Hydrodynamic study of three-phase flow in column flotation using electrical resistance tomography coupled with pressure transducers

Bubble size distribution, bubble rise velocity, gas and solids hold-up are the extensively used hydrodynamic parameters apart from floatability data for column flotation design and performance evaluation. In the current work, the combined solids and gas hold-up distribution characteristics are studied using non-intrusive electrical resistance tomography (ERT) coupled with pressure transducers (PT) in a laboratory column flotation. The effect of superficial gas velocity, slurry feed flow rate and slurry height in the column on mean gas hold-up, combined solids-gas hold-up and its radial distribution is analysed for both two-phase and three phase slurry systems. Slurry experiments are conducted for three different solids concentrations. Using the modified sensitivity back projection (MSBP) algorithm, the measured raw voltage data has been reconstructed into conductivity data and thereby estimating the equivalent phase concentration values by adopting Maxwell principle.

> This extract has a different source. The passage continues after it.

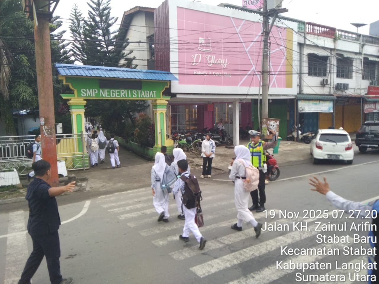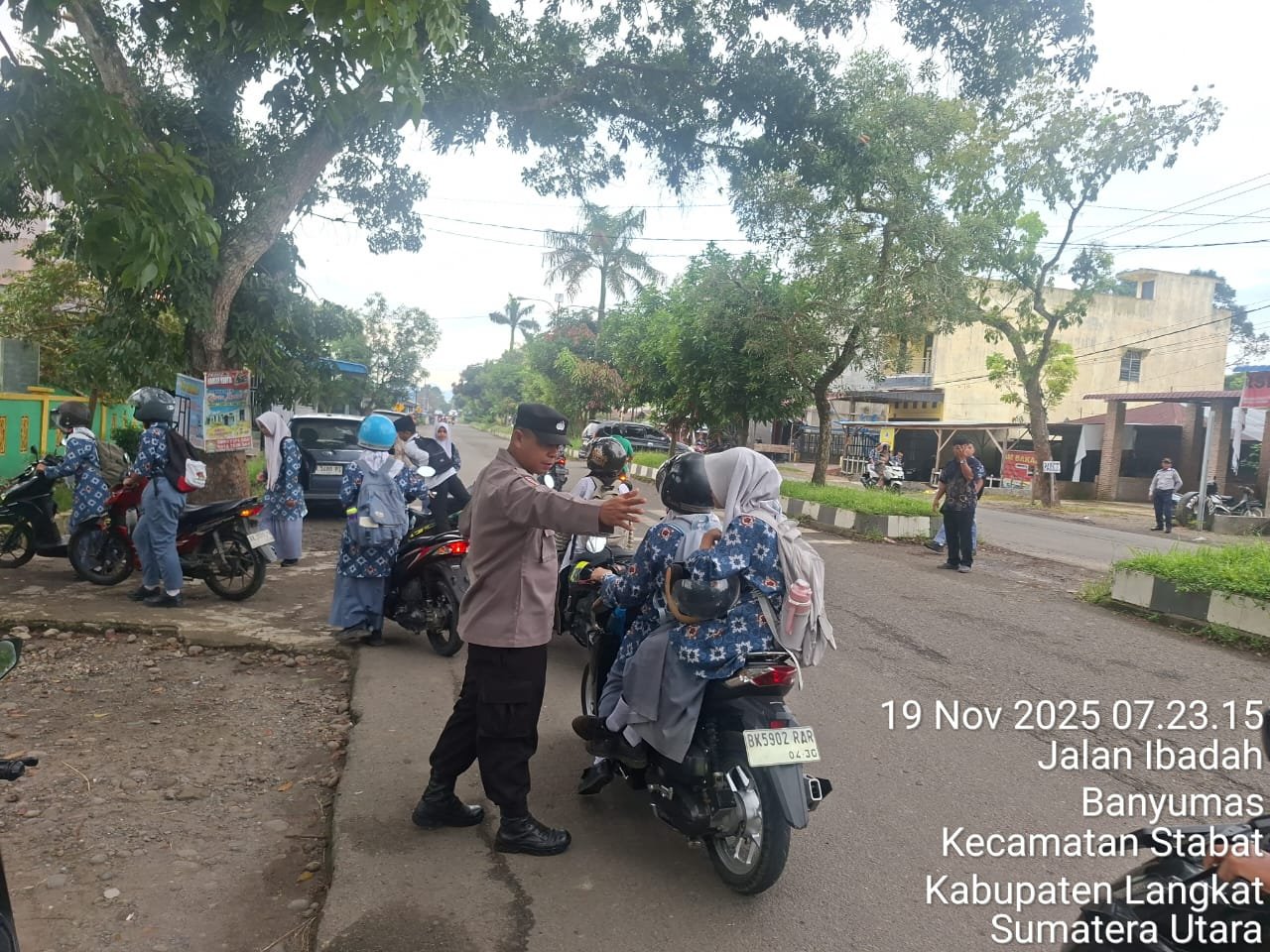 Personil Polres Langkat diterjunkan ke berbagai titik persimpangan dan area sekolah di penjuru kota dalam kegiatan “Strong Point Pagi” rutin.

Mean gas and solids hold-ups extracted from ERT have been critically assessed for the column operating in various flow regimes. The ERT measured mean gas hold-up and solids hold-up values are in close agreement with the data estimated from pressure difference measurements. The results show an increment in the gas hold-up with an increase in the superficial gas velocity, whereas solids hold-up distribution is almost homogeneous for high gas velocities. The gas hold-up reduces with solids content at the fixed gas and slurry flowrates. The presence of solids render the bubble rise velocity thereby decreases the local gas hold-up with the solids percent. Further feed slurry flow rate and frother dosage effects on column hydrodynamics have been studied and the change in the phase hold-ups is quantified.